Differential diagnosis
Pituitary stroke should be differentiated from subarachnoid hemorrhage, bacterial meningitis, cerebral hemorrhage, cerebral infarction, metastatic tumor of pituitary gland, optic cross stroke, posterior bulbar optic neuritis and other diseases.
Complications
Pituitary stroke can exacerbate pre-existing adenopituitary hypoplasia. Bleeding causes compression of the pituitary stalk, which reduces PRL inhibitory factors reaching the adenopituitary gland and can also lead to elevated PRL levels. Pathologic examination confirms that neuropituitary involvement is common, but the presence of uremia is rare. A few patients develop syndrome of inappropriate secretion of antidiuretic hormone (SIADH) due to hypothalamic involvement.
Treatment
The clinical course of pituitary stroke is often unpredictable.

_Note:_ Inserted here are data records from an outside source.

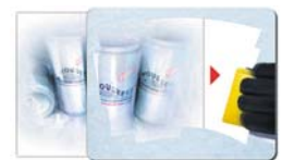
Pad mit Inlay Beispiel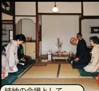
結納の会場として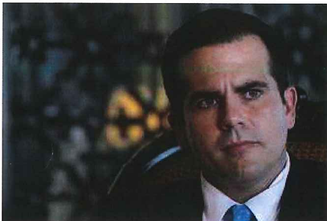
Anuncia impulso para empresas de manufactura de alimentos y bebidas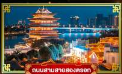
ถนนสามสายสองตอรอก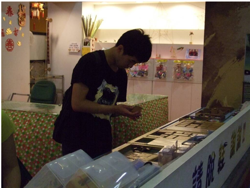
照片說明：台灣玻璃職場體驗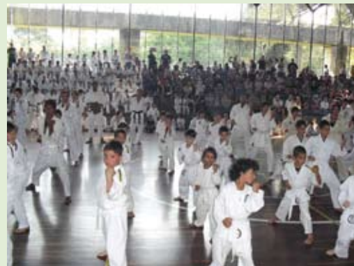
Exame reúne centenas de alunos de Curitiba e região.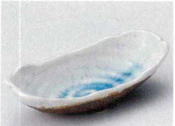
047-26-8F3 600円 2185039002 岩清水舟形長鉢 (19.5×9.2×5H)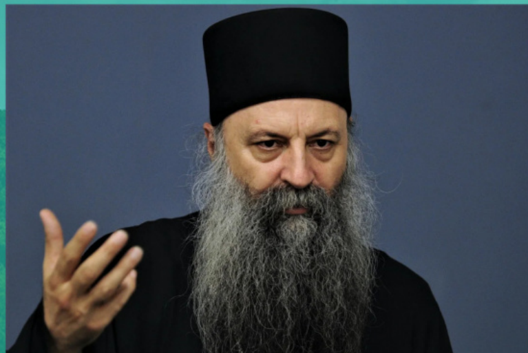
Патријарх српски Порфирије

Архијерејски Сабор Српске Православне Цркве 2014. године изабрао је викарног епископа Епархије бачке Порфирија за митрополита загребачко-љубљанског. Патријарх српски Иринеј обавио је устоличење митрополита у присуству многих архијереја СПЦ-а 13. јуна 2014. године у сабору Преображења Господњег у Загребу. Митрополит Порфирије се прославио на тој функцији захваљујући својој друштвеној и мировној делатности усмереној на јачање Православља у области. За време његовог столовања завршена је обнова манастира Лепавина, најстаријег духовног центра православних Срба у Хрватској.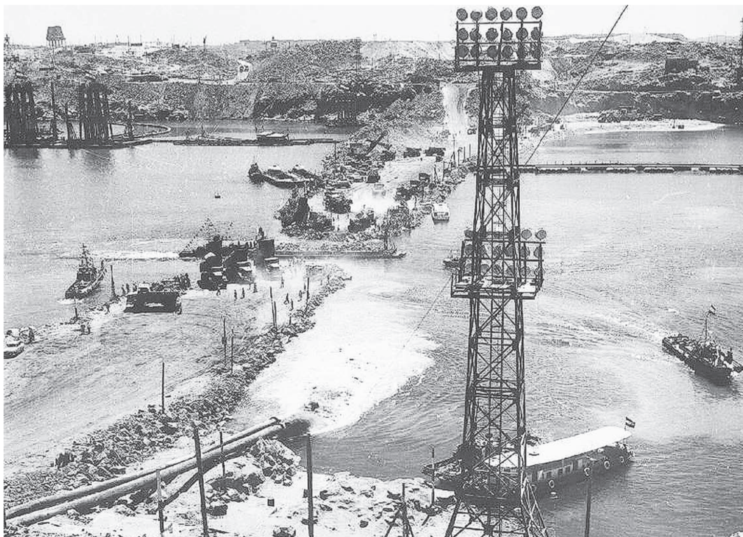
Стройка 20-го века – Асуанская плотина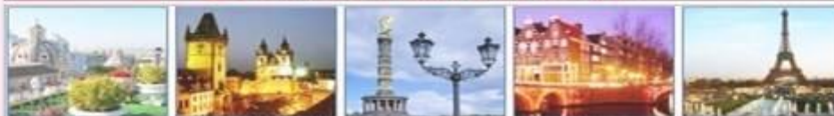
EUROPE IS LOVE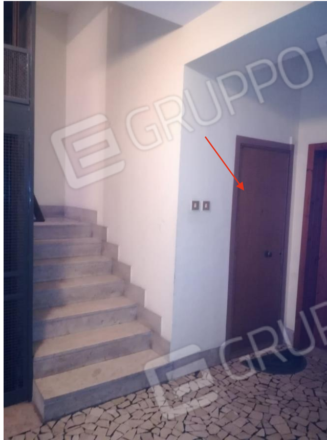
Foton.5 : Vista portone di accesso immobile Scipilliti al piano 1° sottostrada;

Upon diagnosis, hormone replacement therapy should be given immediately to maintain water-electrolyte balance to enhance stress capacity and reduce acute edema in the optic nerve and inferior optic chiasm, to stabilize clinical symptoms, to reduce surgical morbidity and mortality, and to consider surgical treatment.
Prognosis
Arteriosclerosis may cause degenerative lesions of the blood vessels in the pituitary gland, and the resistance of the blood vessels to injury is weakened, and in some cases, intra-pituitary hemorrhage may occur; because of the slow blood flow and elevated blood viscosity in arteriosclerotic patients, thrombus is easy to be formed in the pituitary gland, which may lead to infarction of the pituitary gland.
If combined with hypertension, the patient is more likely to have a pituitary stroke. Diabetes mellitus can also cause pituitary stroke due to degenerative lesions of the pituitary blood vessels.
Prevention
Radiation therapy is not recommended in the acute stage. Antibiotics can be used to prevent infection in severe cases.